16. On peut se garder de la douleur qui est encore à venir.
Les mots sanscrits transmettent ici une double idée. Ils impliquent en tout premier lieu la possibilité d'éviter l'imminente "détresse" (selon le terme de quelques traductions) par un ajustement correct des énergies de l'homme ; de sorte que, grâce à son changement d'attitude mentale, les réactions douloureuses ne sont plus possibles, la transmutation de ses désirs rendant également impossibles les "douleurs" anciennes. Ils signifient en second lieu que la vie présente sera vécue de telle sorte que nulle cause susceptible de produire des effets douloureux ne sera mise en jeu. Cette double conjoncture provoquera dans la vie du yogi une double discipline, comprenant la ferme décision de pratiquer le non-attachement, ainsi qu'une stricte réglementation de la nature inférieure. Il s'ensuivra une activité mentale dont le caractère aura pour résultat d'enlever tout attrait aux anciens désirs, tendances et convoitises, et de faire disparaître tout entraînement à des activités pouvant produire du karma ou des résultats ultérieurs.
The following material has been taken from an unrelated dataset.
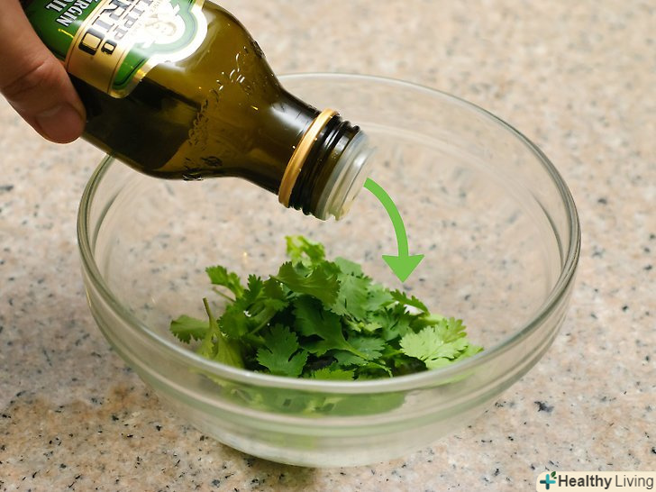 При бажанні змішайте кінзу з оливковою олією.це дозволить захистити ніжну зелень від холоду і не дасть їй перетворитися в кашу.[4] Просто покладіть траву в миску і перемішайте її з чайною ложкою оливкової олії. Кількість масла залежить від кількості кінзи, яку ви хочете заморозити.
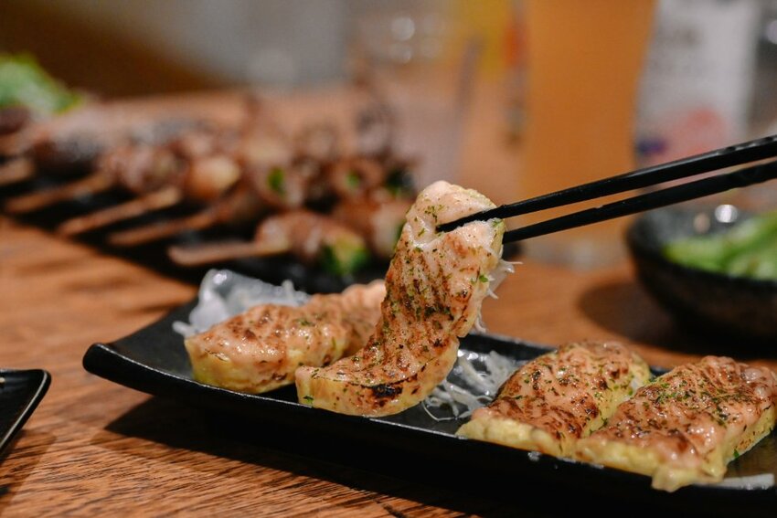 這款我們三人都激推,不管吃幾次都不會膩耶,誇張的好吃!雞肉很肥美,明太子鋪的厚厚的在雞肉串上炙燒入口鹹香超級絕配,喜歡吃明太子別錯過這道。

Ce qui est du passé ne peut être liquidé que dans le présent et le type de karma entraînant à sa suite la douleur, le chagrin et la détresse, doit être laissé libre de suivre son cours. Le karma du présent, ou précipitation des effets que l'égo entend liquider au cours du cycle actuel de sa vie, doit également jouer son rôle dans l'émancipation de l'âme. L'homme spirituel a cependant la possibilité de diriger l'homme intérieur de telle sorte que les événements karmiques (ou les effets du karma tels qu'ils se manifestent dans le monde physique objectif) ne puissent causer ni douleur ni détresse, lorsqu'ils seront constatés et subis par le yogi ayant réalisé le détachement ; pas plus que ne pourront entrer en jeu des causes génératrices de douleur.